Lest we forget, Renault was the driving force behind the introduction of the hybrid formula in 2014, the French manufacturer, which has powered drivers to 11 titles and constructors to 12, warning that unless such a move were made it would walk away from F1.

Of course, as a constructor and engine manufacturer, Renault had previously walked away from the sport on numerous occasions, most recently at the end of 2010, and while this departure is often linked with the decisions of a number of the other manufacturers to leave around the same time, one should not forget the dark cloud hanging over the French team in the form of Crash-gate.

Since deciding to return to F1 in 2016, having bought back the team which had bought its 2010 operation, the French outfit has been a shadow of its former self. Failing to master the engine formula which it had itself demanded, the team, which immediately went about a major recruitment campaign while updating and expanding its facilities, clearly unable to match the success of the 'big three' essentially took the line of the smaller teams, demanding the likes of Mercedes and Ferrari be handicapped by the introduction of a budget cap, not to mention a more equal distribution of the prize pot and even demanding an end to the practice of B-teams, though Renault had used such a system itself previously.

All the while, Cyril Abiteboul, echoing his good friend Christian Horner, warned that unless there were major changes Renault would leave F1 (again), as the team, still losing ground to the big three, now found its role of 'best of the rest' under threat.

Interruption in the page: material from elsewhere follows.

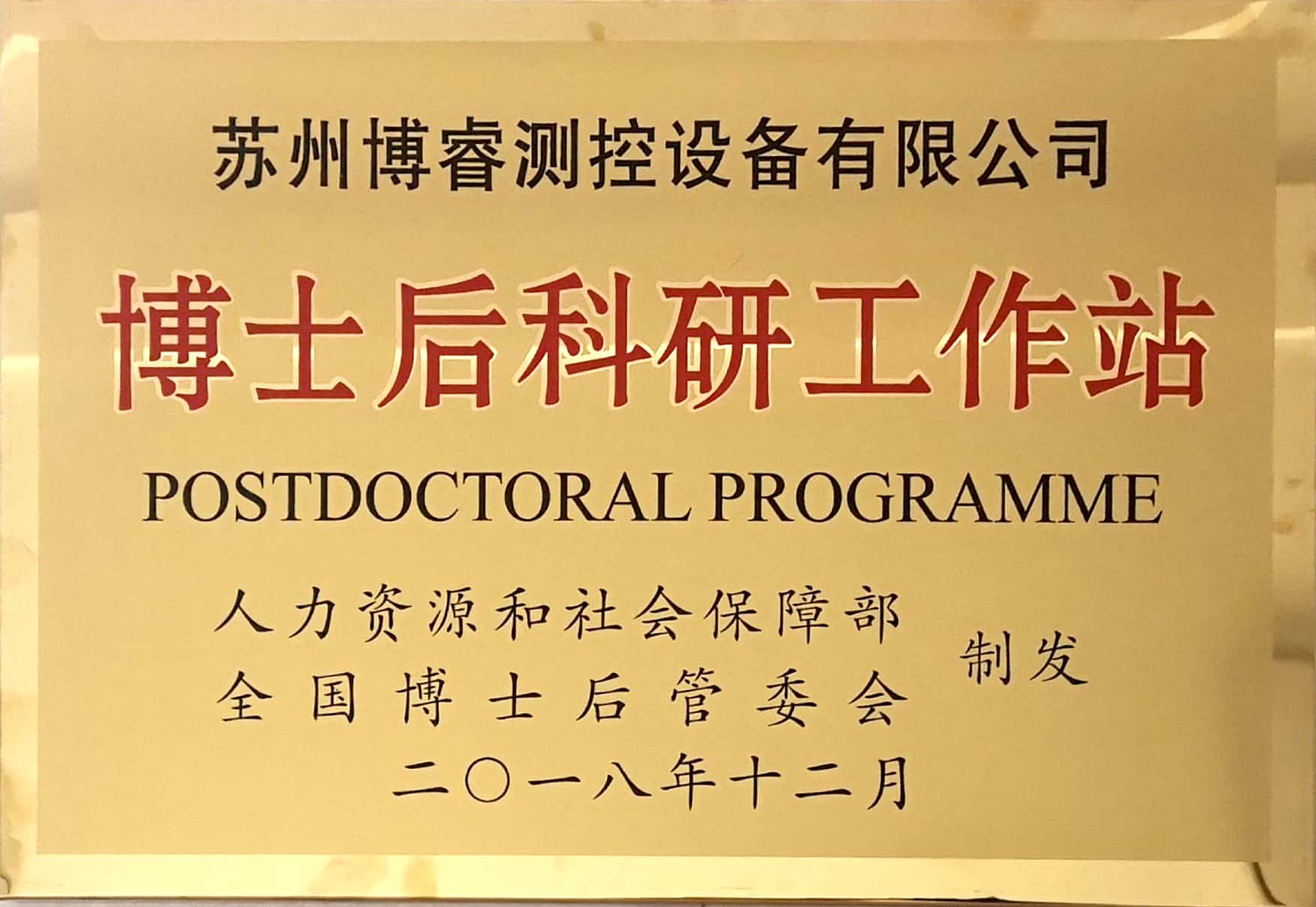 經(jīng)國家人力資源和社會保障部及全國博士后管理委員會審核批準(zhǔn),蘇州博睿測控設(shè)備有限公司正式獲批設(shè)立國家博士后科研工作站。

Speaking ahead of this week's meeting with F1, at which time the full plans for the sport post-2020 will be revealed, Abiteboul warned that, for Renault, the financial side of things takes precedence over the technical side.

"There is lots of dialogue between the teams and F1 and the FIA, in particular on the budget cap," he tells "That's a very complex set of new regulations, and something that did not exist. So every day, every week, we are making progress to address some of the concerns.

"As far as Renault is concerned, because we think that something needs to be seriously done to contain the costs to be competitive in F1, we are massively in support of the budget cap," he continues. "Is it the perfect answer? Maybe not. Is it the best answer? Probably.

"That's why we're working very actively to make it as robust as possible, and according to what will be our assessment at the end, we will see if we can be in favour, and we think it is a proper deterrent, or not. Lots of progress is being done on that aspect.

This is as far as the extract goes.